Stored entries:
┌──

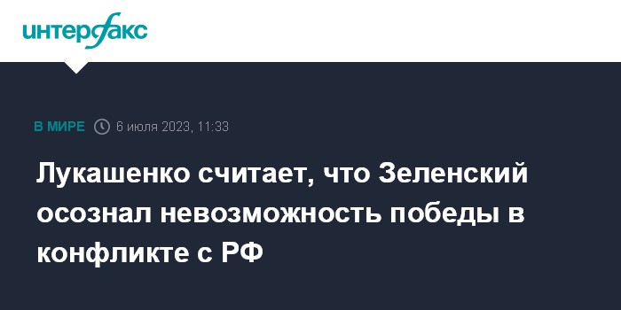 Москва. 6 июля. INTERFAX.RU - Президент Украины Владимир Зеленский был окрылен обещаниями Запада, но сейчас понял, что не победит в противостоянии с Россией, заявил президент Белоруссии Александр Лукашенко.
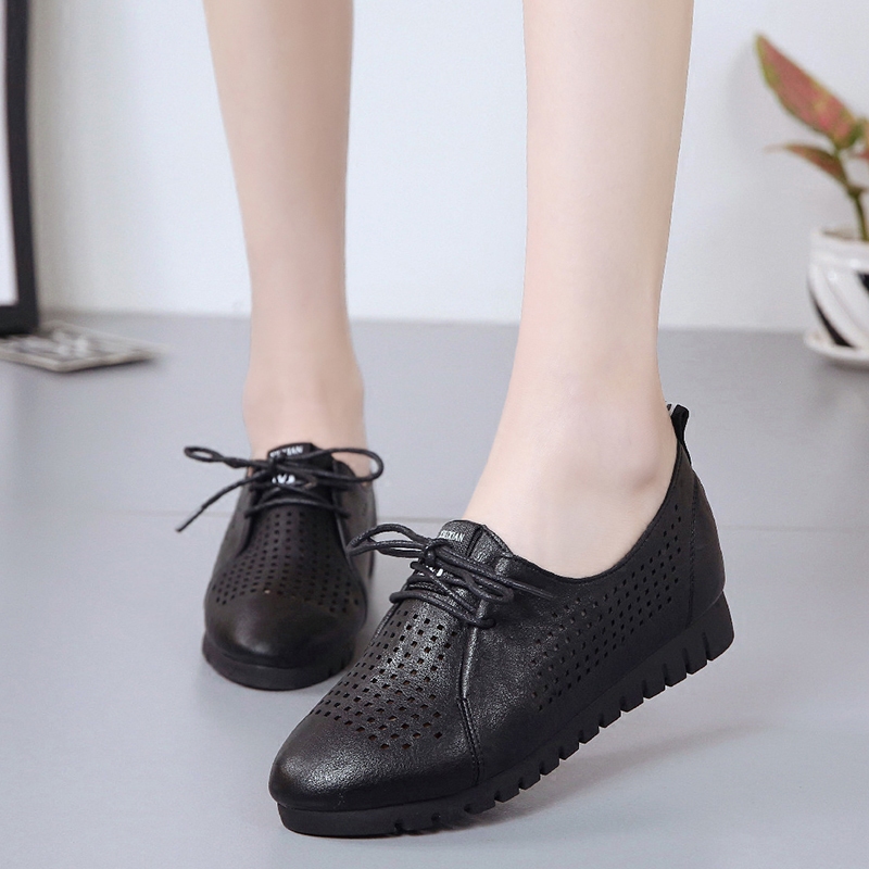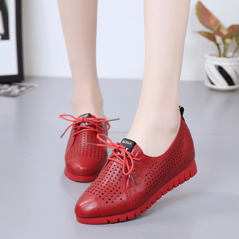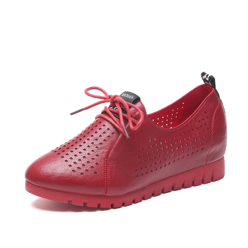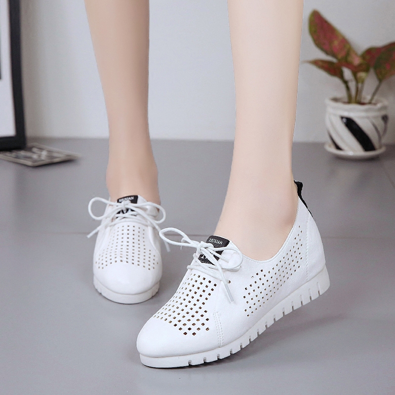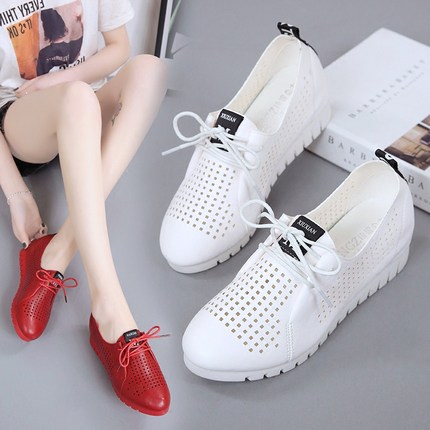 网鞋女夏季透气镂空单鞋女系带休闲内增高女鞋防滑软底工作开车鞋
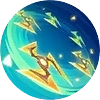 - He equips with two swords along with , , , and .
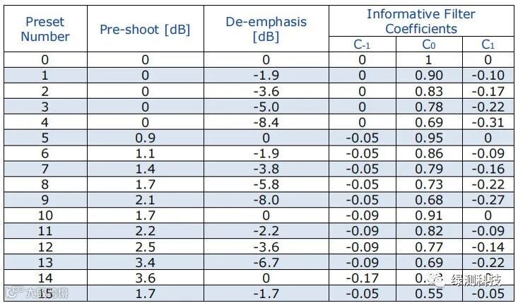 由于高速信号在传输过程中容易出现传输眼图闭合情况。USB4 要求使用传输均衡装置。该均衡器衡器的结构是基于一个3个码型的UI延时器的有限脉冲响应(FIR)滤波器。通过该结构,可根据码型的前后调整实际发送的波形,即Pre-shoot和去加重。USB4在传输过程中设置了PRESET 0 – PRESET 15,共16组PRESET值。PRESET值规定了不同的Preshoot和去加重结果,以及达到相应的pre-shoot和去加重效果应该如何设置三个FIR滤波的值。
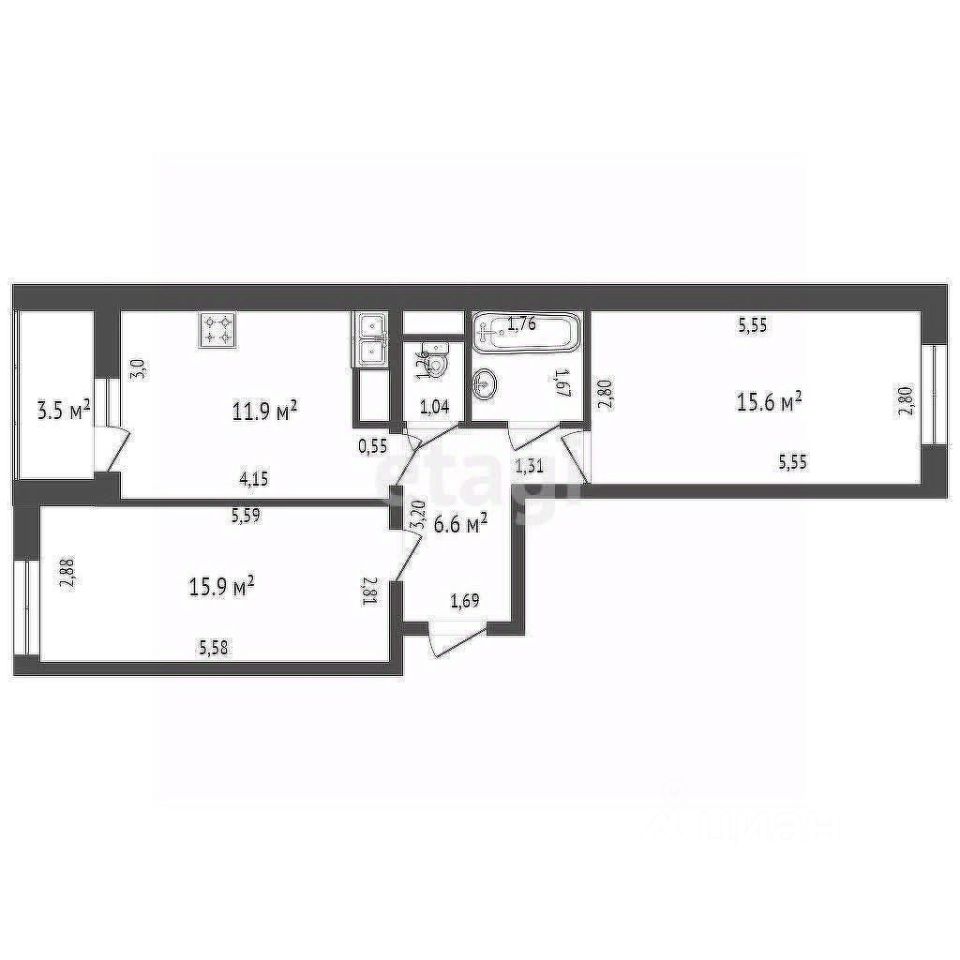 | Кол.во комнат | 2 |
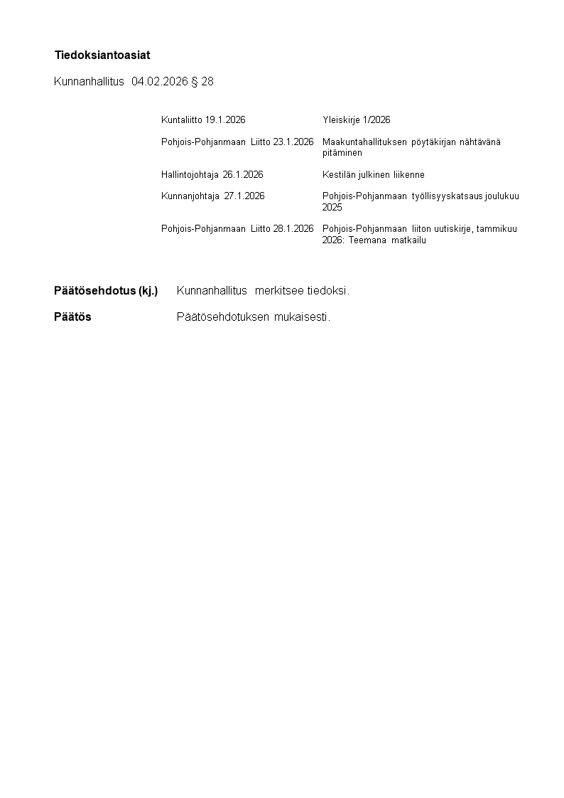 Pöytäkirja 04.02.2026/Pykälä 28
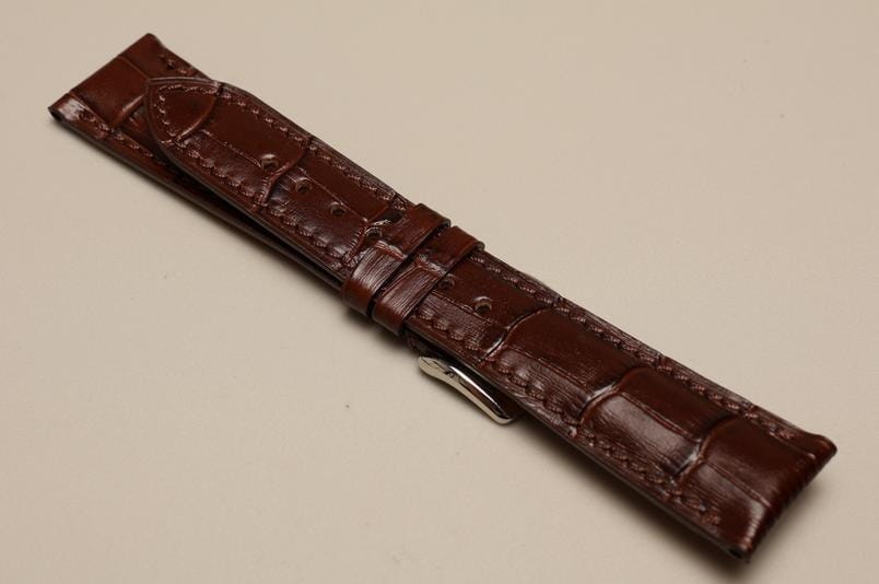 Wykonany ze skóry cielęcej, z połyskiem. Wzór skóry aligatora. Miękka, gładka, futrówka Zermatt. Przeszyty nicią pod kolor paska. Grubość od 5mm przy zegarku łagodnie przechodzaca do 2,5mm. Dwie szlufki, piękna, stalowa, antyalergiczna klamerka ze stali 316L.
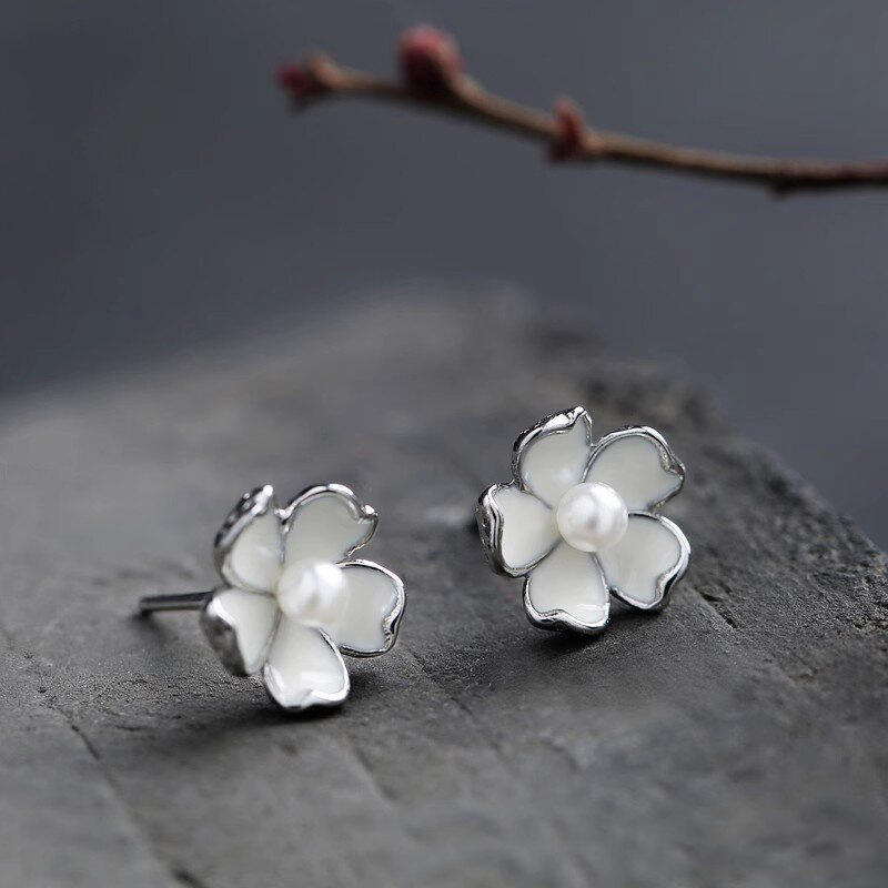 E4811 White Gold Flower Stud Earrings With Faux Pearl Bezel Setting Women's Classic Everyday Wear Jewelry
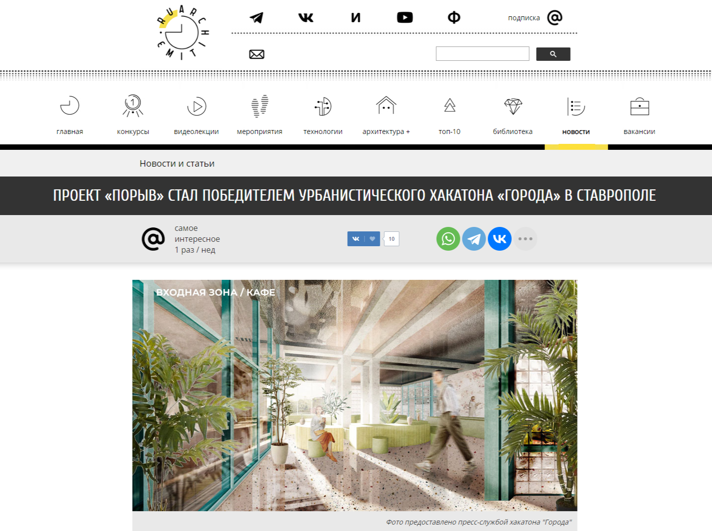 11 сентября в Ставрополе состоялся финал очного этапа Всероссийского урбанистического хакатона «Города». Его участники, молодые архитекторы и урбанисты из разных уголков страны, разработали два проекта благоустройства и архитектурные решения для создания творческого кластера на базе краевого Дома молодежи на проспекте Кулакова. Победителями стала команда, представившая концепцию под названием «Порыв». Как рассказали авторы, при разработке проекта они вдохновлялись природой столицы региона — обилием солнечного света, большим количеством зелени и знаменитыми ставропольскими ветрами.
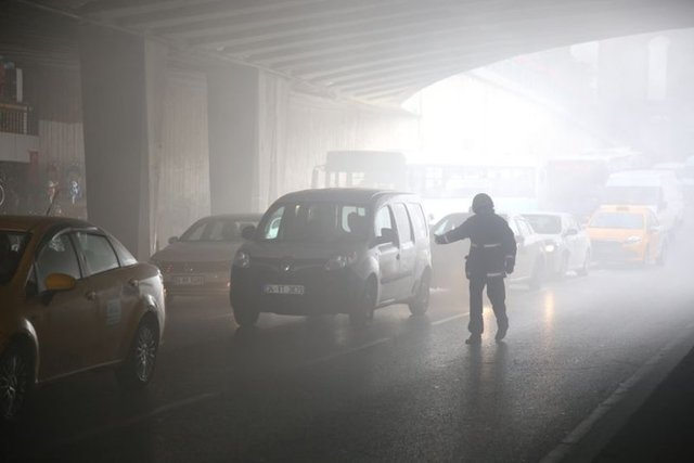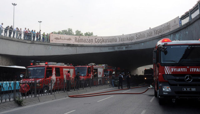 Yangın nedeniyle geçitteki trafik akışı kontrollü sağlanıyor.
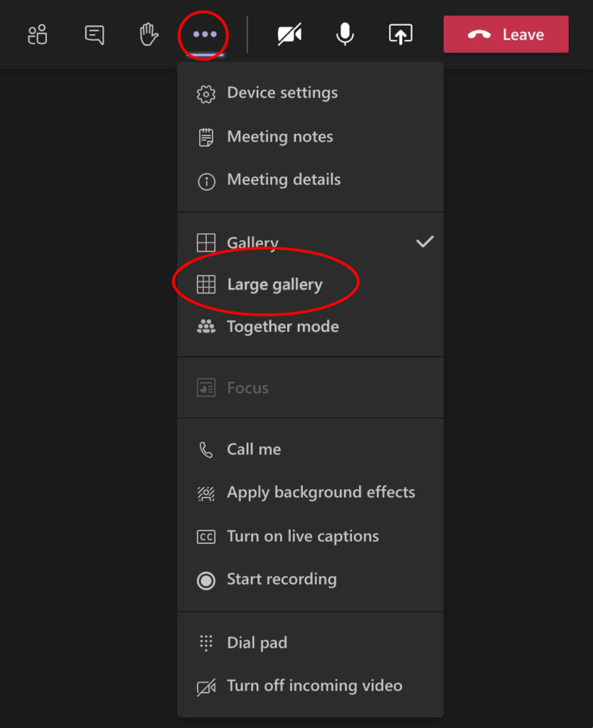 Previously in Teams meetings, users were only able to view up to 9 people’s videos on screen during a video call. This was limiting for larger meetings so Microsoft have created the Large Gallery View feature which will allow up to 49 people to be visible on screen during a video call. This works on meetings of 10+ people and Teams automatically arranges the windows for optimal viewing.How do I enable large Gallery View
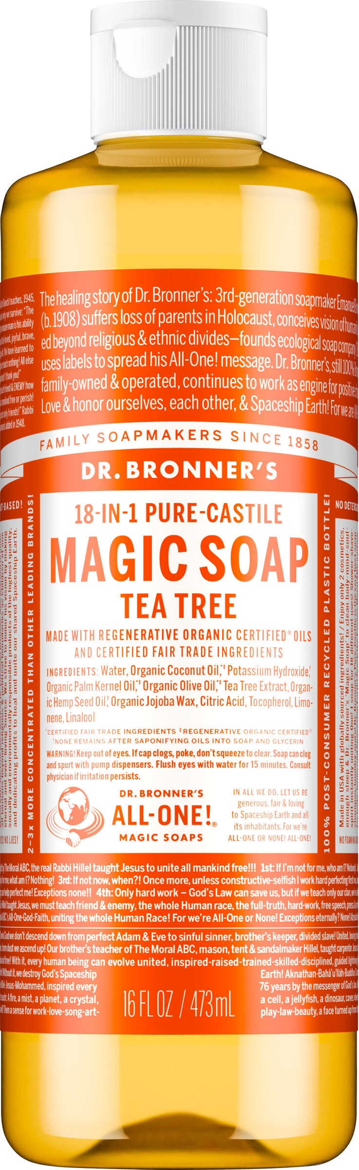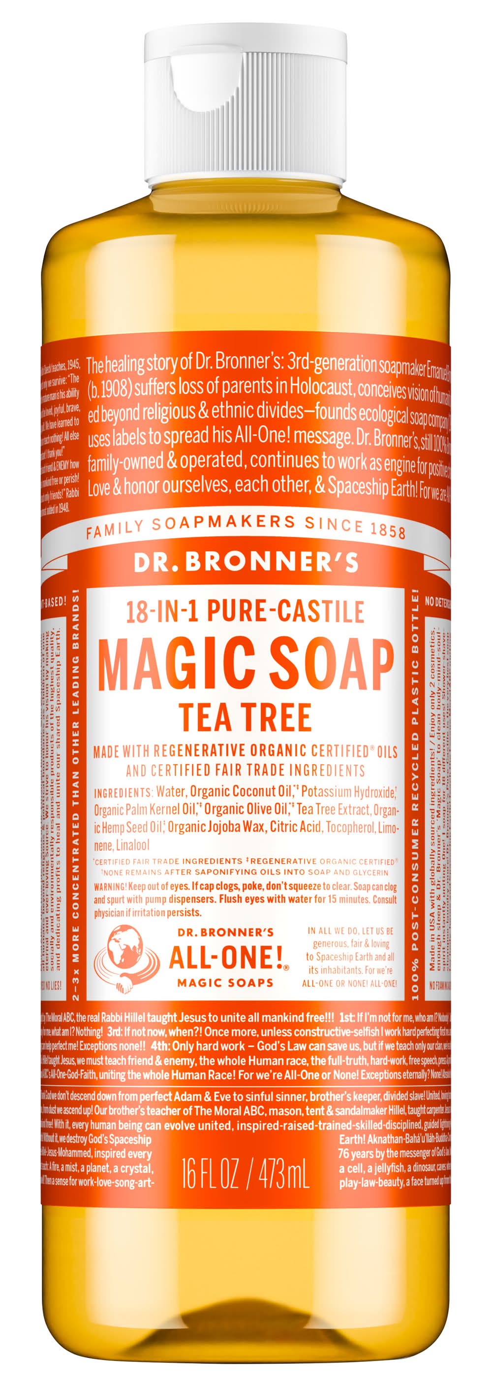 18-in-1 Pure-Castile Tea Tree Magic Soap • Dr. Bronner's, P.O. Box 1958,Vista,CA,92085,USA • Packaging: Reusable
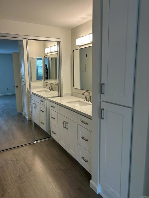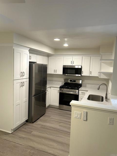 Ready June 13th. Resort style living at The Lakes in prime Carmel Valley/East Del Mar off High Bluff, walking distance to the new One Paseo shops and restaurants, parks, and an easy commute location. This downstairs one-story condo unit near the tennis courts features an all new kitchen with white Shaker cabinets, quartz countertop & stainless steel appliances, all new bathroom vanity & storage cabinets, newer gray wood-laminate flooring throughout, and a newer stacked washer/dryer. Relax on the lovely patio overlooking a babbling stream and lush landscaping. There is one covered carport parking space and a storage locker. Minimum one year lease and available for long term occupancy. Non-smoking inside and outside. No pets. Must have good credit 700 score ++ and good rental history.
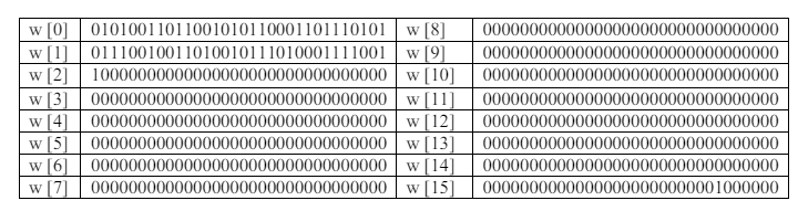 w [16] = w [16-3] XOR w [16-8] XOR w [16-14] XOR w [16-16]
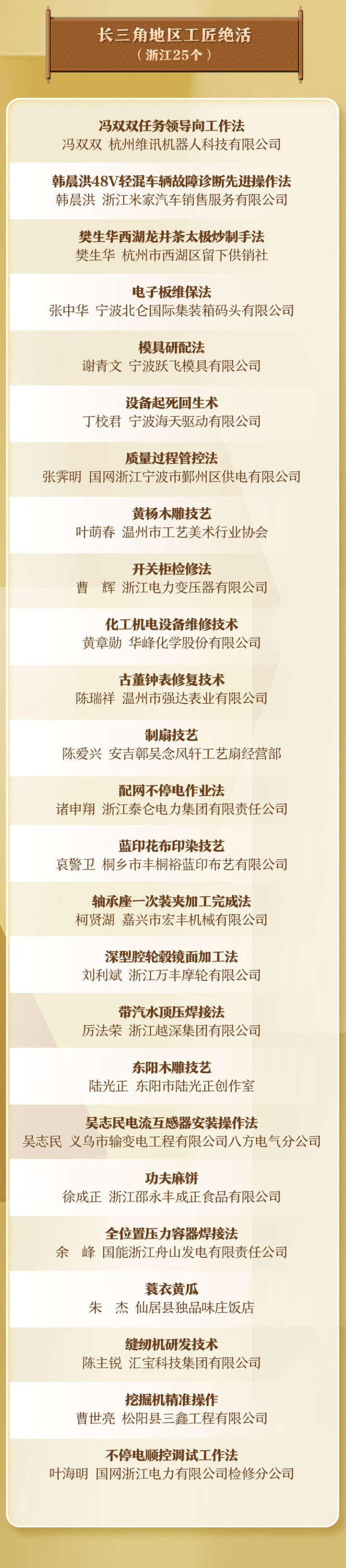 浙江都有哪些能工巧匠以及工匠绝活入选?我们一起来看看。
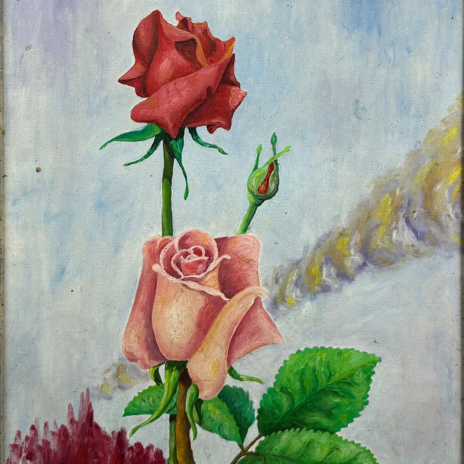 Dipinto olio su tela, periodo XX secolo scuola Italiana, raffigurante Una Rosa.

└──

YOUR OBJECTIVE:
Copy only what runs above from the line containing "комнат | 2 |" through the line containing "E4811 White Gold", exactly. Leave out the pictures.

SOLUTION FOR THIS PROBLEM:
 | Кол.во комнат | 2 |
 Pöytäkirja 04.02.2026/Pykälä 28
 Wykonany ze skóry cielęcej, z połyskiem. Wzór skóry aligatora. Miękka, gładka, futrówka Zermatt. Przeszyty nicią pod kolor paska. Grubość od 5mm przy zegarku łagodnie przechodzaca do 2,5mm. Dwie szlufki, piękna, stalowa, antyalergiczna klamerka ze stali 316L.
 E4811 White Gold Flower Stud Earrings With Faux Pearl Bezel Setting Women's Classic Everyday Wear Jewelry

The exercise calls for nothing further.